Les Français attendent avant tout des programmes d’accompagnement personnalisés dans la durée. Ces programmes sont importants à leurs yeux pour accompagner dans la maladie, lutter contre la dépendance et le vieillissement, limiter les risques liés à la pratique d’une activité spécifique et aider à développer le bien-être. 

Complémentaire santé : 5 mois après l’entrée en vigueur de l’ANI, 1 français sur 5 a déjà changé de complémentaire santé

Les prestations de remboursement des soins restent au cœur des attentes des Français : 38% d’entre eux attendent en priorité de leur complémentaire santé une aide au financement de soins couteux et mal remboursés par la Sécurité sociale, et 30% attendent une prise en charge du complément de remboursement des soins courants (consultations, pharmacie, radios, analyses etc.).

Une majorité d’interrogés couverts par une mutuelle jugent satisfaisant le niveau de remboursement sur les principales prestations (consultation de médecin généraliste, dépenses de pharmacie….). Cette satisfaction est en revanche beaucoup plus nuancée concernant les soins dentaires et optiques. Le niveau de remboursement des garanties de prévention et de bien être semble par ailleurs être mal connu par les personnes couvertes par une mutuelles puisque respectivement 46% et 44% d’entre elles répondent « ne sait pas » à la question de savoir si le niveau de garantie sur ce thème est satisfaisant.

La généralisation de la complémentaire santé à l’ensemble des salariés a déjà conduit 22% des Français à changer de contrat et 16% à souscrire à une couverture supplémentaire individuelle à l’issue du 1er trimestre 2016. Il s’agit des premiers effets de l’entrée en vigueur de l’ANI et des plafonds des contrats responsables. Les Français prennent conscience de la nécessité de recourir à une sur-complémentaire et ceux qui l’envisagent – 26% des interrogés – sont prêts à payer une cotisation mensuelle moyenne de 41€. L’objectif : augmenter le niveau de remboursement des dépenses de santé (pour 66% des Français en 2016 contre 48% en 2015) et bénéficier de nouveaux services (pour 39% des Français en 2016 contre 24% en 2015).

La France est prête pour l’e-santé à condition que les données personnelles soient protégées

Avec l’entrée en vigueur de l’ANI, les complémentaires santé vont devoir innover et proposer de nouveaux services à leurs assurés.

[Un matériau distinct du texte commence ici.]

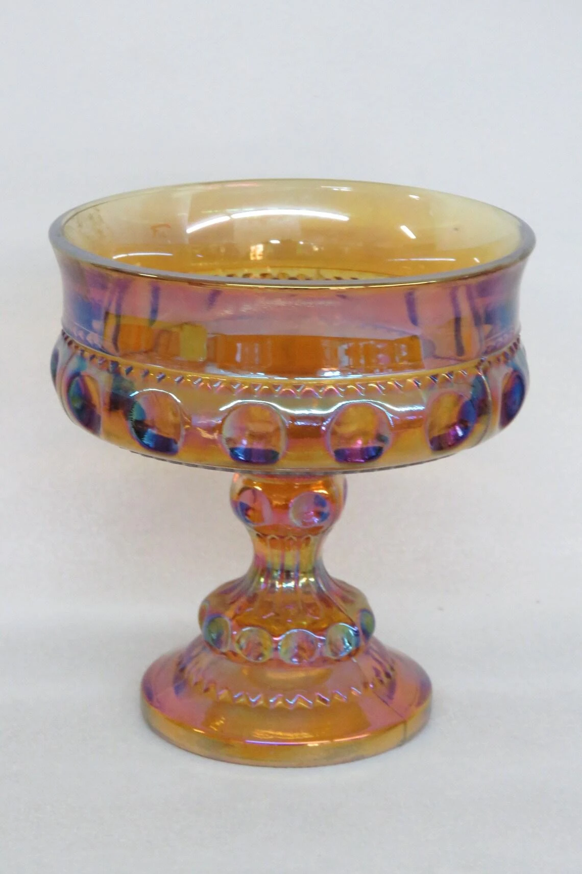 This gorgeous Candy Dish / Compote is made of carnival glass. This adorable Compote is made in the fabulous Kings …

Ces innovations passeront prioritairement par des investissements dans l’e-santé, un secteur qui stagne encore actuellement par manque de moyens.

Les attentes des Français sont pourtant fortes dans ce domaine. Selon notre enquête, 78% des interrogés sont favorables au développement de dispositifs de suivi et de consultation à distance et plus de 7 Français sur 10 eux seraient prêts à communiquer leurs données personnelles – de préférence au corps médical. Des craintes concernant la confidentialité de ces données restent pourtant présentes chez 43% des Français.

L’utilisation des objets connectés d’e-santé a quasiment triplé et celle des applications mobiles santé a doublé depuis 2015. Les jeunes sont les plus gros consommateurs d’applications liées à la santé : 24% des Français ont déjà utilisé une application de suivi de l’activité physique, quand 44% des 18-24 les utilisent. Le budget moyen pour l’acquisition d’un objet connecté et de l’application serait de 5€/mois avec chez les jeunes un budget envisagé entre 10 à 12€.

Ce développement de l’e-santé va se confirmer dans les années à venir, puisque 33% des Français se disent prêts à adopter un Dossier Médical Electronique, des outils de consultation et de conseil médical à distance (25%), des solutions de télé surveillance médicale ou de téléassistance (17%).